▶ [What this task involves]:
Copy out the entries below exactly as they stand, but only from the line containing "Types of conscious" through the line containing "(E)お客様の「JR認証番号".

▶ [Source data]:

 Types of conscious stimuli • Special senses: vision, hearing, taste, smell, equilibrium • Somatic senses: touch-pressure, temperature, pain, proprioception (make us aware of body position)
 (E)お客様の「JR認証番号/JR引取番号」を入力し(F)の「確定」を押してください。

==

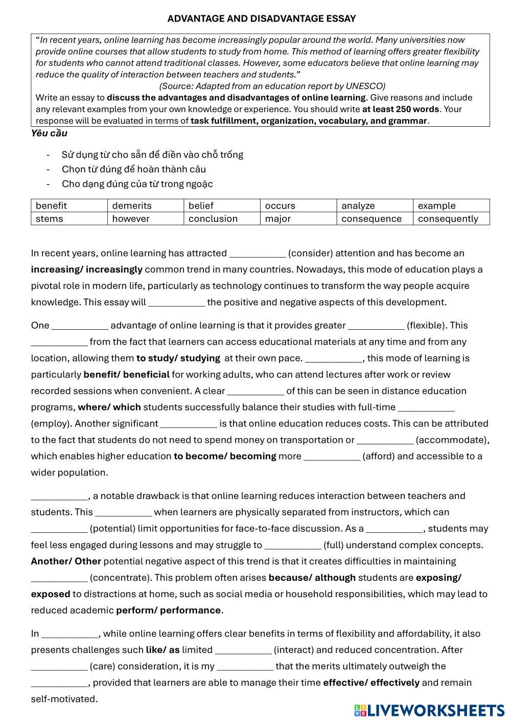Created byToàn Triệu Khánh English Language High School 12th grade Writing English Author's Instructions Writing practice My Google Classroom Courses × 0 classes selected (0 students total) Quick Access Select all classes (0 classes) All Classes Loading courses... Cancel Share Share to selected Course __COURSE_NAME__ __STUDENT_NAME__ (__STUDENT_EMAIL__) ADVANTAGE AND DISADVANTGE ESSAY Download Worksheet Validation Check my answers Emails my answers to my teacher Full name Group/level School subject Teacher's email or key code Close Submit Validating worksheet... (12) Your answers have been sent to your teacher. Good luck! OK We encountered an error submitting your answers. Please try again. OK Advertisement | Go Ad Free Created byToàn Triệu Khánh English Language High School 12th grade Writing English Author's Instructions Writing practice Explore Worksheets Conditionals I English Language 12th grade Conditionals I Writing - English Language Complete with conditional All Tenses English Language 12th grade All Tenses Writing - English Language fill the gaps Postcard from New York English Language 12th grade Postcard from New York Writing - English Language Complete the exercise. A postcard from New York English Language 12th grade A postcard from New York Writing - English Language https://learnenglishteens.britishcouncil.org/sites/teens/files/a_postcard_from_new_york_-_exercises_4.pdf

--

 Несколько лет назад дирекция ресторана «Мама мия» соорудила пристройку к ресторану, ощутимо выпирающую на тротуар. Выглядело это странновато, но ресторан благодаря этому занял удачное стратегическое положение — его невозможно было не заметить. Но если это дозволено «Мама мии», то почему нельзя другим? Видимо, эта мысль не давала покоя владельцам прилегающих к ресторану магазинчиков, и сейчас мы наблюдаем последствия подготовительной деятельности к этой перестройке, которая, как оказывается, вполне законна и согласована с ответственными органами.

▶ [Result]:
 Types of conscious stimuli • Special senses: vision, hearing, taste, smell, equilibrium • Somatic senses: touch-pressure, temperature, pain, proprioception (make us aware of body position)
 (E)お客様の「JR認証番号/JR引取番号」を入力し(F)の「確定」を押してください。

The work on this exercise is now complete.